All of this is completely irrelevant because we’re talking about a commission rate that is directly tied to the revenue of a dev. So if a dev doesn’t make any sales or or only a handful of sales, then they won’t be paying any commission or a minor amount in absolute numbers, especially when you consider that those devs would pay 15% instead of 30%.
You’re talking about this as if people owe 30% over something that isn’t directly correlated to their revenue and you analogy where gasoline usage is the main driver of what is owed, reflects this as well.
> As I said somewhere on the page, Apple owes large part of what it is today to the dev environment (Things,Devonthink, etc) which created attractive products only available on Mac. IOS or MacOs without third party apps is pretty boring.
True, but the inverse is true as well. It’s a symbiotic relationship, literally a rising tide that lifts both developers and Apple. If developers aren’t doing well, Apple isn’t doing well, if Apple isn’t doing well developers aren’t doing well. Which is why it’s a commission that’s tied to revenue. Apple gets more when I get more and Apple gets less when I get less.

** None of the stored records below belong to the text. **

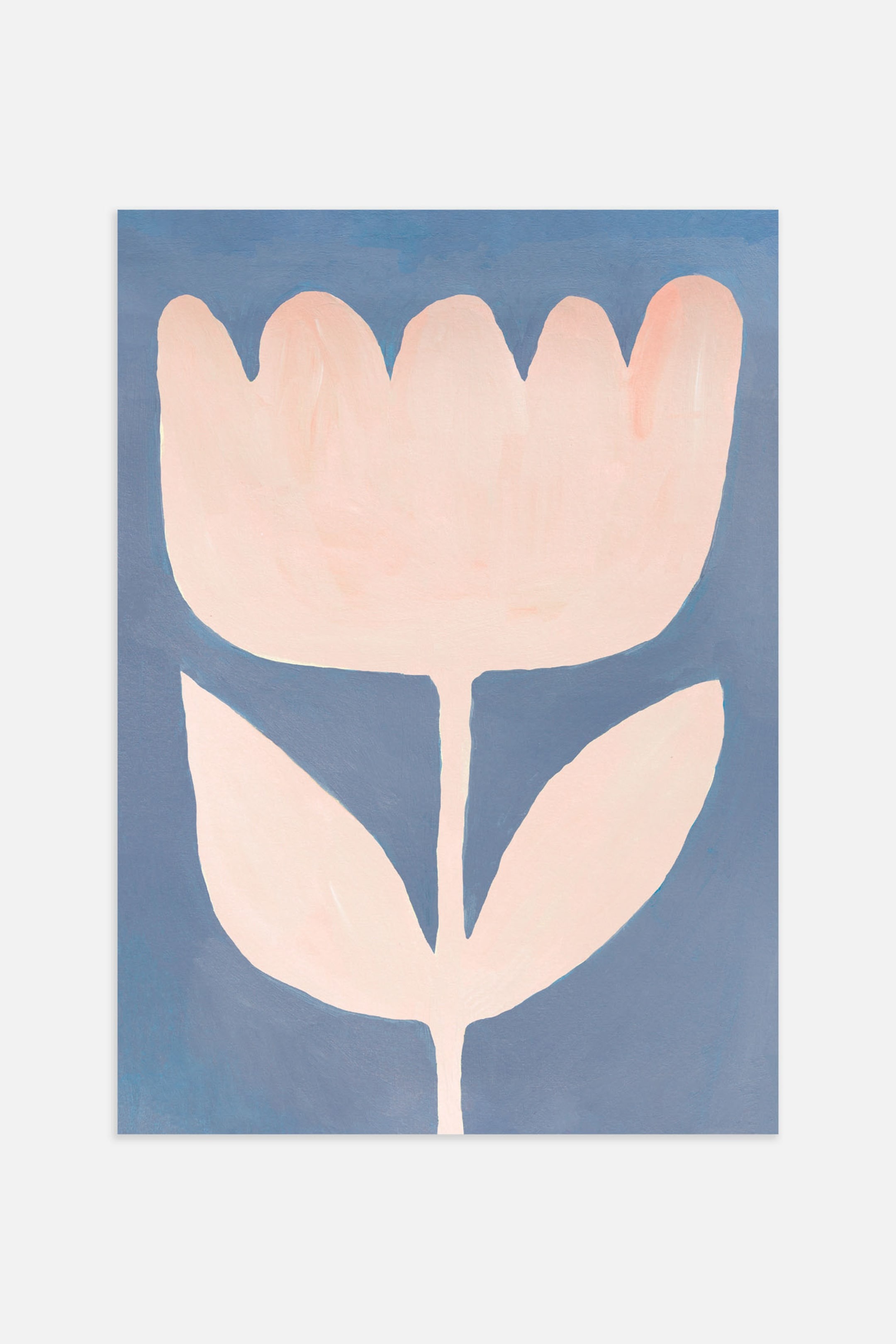 Нарисованный вручную мотив бежевого тюльпана на синем фоне. Мотив является частью коллекции Atelier No. 03, созданной нашими штатными дизайнерами для Postery Atelier.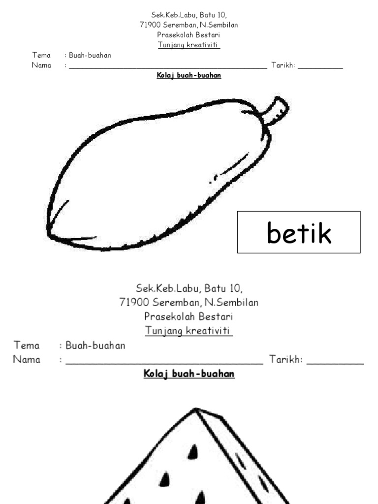Bahasa Malaysia Prasekolah Latihan Buah Buahan School Kids Activities Preschool Worksheets Kids School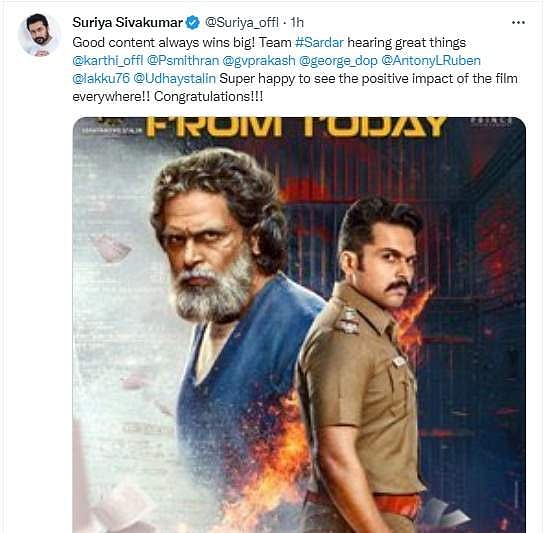 கார்த்தியின் சர்தார் படம் தொடர்பாக சூர்யா பதிவிட்டுள்ளதாவது, ''நல்ல கதை பெரிய வெற்றியைப் பெறும். கார்த்தி, இயக்குநர் மித்ரன், ஜி.வி.பிரகாஷ், ஒளிப்பதிவாளர் ஜார்ஜ் சி.வில்லியம்ஸ், படத்தொகுப்பாளர் ஆண்டனி எல்.ரூபன், உதயநிதி ஸ்டாலின் ஆகியோரின் சர்தார் படம் தொடர்பாக நல்ல விஷயங்களைக் கேள்விப்படுகிறேன். எல்லா இடத்திலும் சர்தார் படத்துக்கு நேர்மறை விமர்சனங்கள் கிடைத்துவருவது எனக்கு மட்டற்ற மகிழ்ச்சியை அளிக்கிறது. வாழ்த்துகள்'' எனக் குறிப்பிட்டுள்ளார்.

I literally couldn’t do my work as a developer if Apple hadn’t provided me with the frameworks and tools I use on a daily basis.
We can argue if the value of what they’ve offered me is worth the 15% I pay or even 30%, but that’s a personal value judgement.
> Apple now has divorced developers and screaming for their share of alimony every month.
Another analogy.
You might overestimate how most developers, especially the small guys you seem so concerned about, care about the commission.
But since you like analogies so much, I think it’s more akin to Apple chartering a plane, providing a pilot, and renting out a hotel for us developers to get to a trade conference hosted by Apple to sell our stuff in exchange for a cut of the proceeds.
Now all of a sudden there are few people on the plane who have been making bank at prior conventions and they want to get off mid flight, because they prefer using their own private jet and mansions and host their own trade show.
All the while the people on the ground a yelling “Yeah! Let all those poor people get off the plane!” and I just want to get where I’m heading.